V. 25

(Неизбежность)

Когда Дмитрий Фёдоров понял, что любит Марью Антонову?

Он знал это всегда и подтверждал с каждым вдохом, как нечто священное. Он любил её так же неизбежно, как знал, что каждое утро будет просыпаться; так же, как был уверен, что его лёгкие наполнятся воздухом. Любовь к ней была такой же естественной, как каждый его шаг. Он любил её всем своим существом, как будто был сотворён для этого какой-то божественной рукой. Эта любовь текла в его крови, билась в его сердце, стремилась к ней. Теперь он чувствовал её боль у своей груди. С тех пор как он бросился на её поиски, какая-то часть её постоянно рушилась, и каждый маленький осколок этого разрушения вонзался в него самого — и по его вине, и по её.

За что он её любил? Не за её силу, хотя её у неё было в избытке. Этим он восхищался. Она была неуязвима благодаря своей смелости, уверенности, непоколебимой решимости. Легко было подумать, что именно поэтому она привлекала к себе внимание. И всё же Дмитрий любил её не за это.

Нет. Он любил её за доброту, за её преданность.

За её сердце.

Дмитрий Фёдоров любил Марию Антонову всей своей душой, на протяжении всей своей жизни. И, возможно, именно поэтому он каким-то образом не замечал очевидного: их планы никогда не совпадали.

Сжечь мир дотла.

Она не имела в виду весь мир.

Только мир, в котором ей пришлось жить.

Дмитрий ворвался в кабинет Бриджа, распахивая в двери.

— Маша, нет, — выдохнул он, увидев, как она приставила нож к горлу его отца.

Марья подняла на него взгляд, её лоб на мгновение исказило замешательство. Дмитрий призвал нож к себе, вырвал его из её пальцев, когда его отец отшатнулся назад и чуть не упал. Роман, пошатываясь, бросился вперёд, чтобы подхватить его.

Дмитрий поймал лезвие ладонью, наблюдая, как Марья поворачивается к нему.

Это было лишь частью её плана: избавить мир от Кощея — это только половина. В течение двенадцати лет это было противостояние между двумя силами — Кощеем и Бабой Ягой — двумя половинами единого целого.

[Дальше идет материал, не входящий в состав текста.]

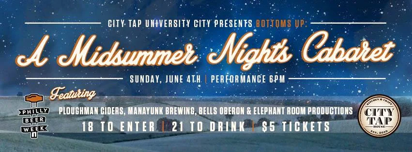 Proud to welcome our friends and collaborators at Elephant Room Productions to produce, Bottom's Up: A Midsummer Night's Cabaret. Expect a night of Shakespeare inspired performances all sourced from the bard's A Midsummer Night's dream.

Кощей был лишь началом того, чего Дмитрий не смог разглядеть.

— Маша, — произнёс он с мольбой, и на её губах появилась мрачная улыбка.

— Теперь всё иначе, — сказала она. — Ты сделал это, Дима. Ты победил.

— Мы победили, — поправил он с болью в голосе.

— Ты выиграл, — покачала она головой. — Я проиграла. Хотя… это не совсем поражение, — она горько усмехнулась. — Считается ли поражением, если я добровольно сдалась?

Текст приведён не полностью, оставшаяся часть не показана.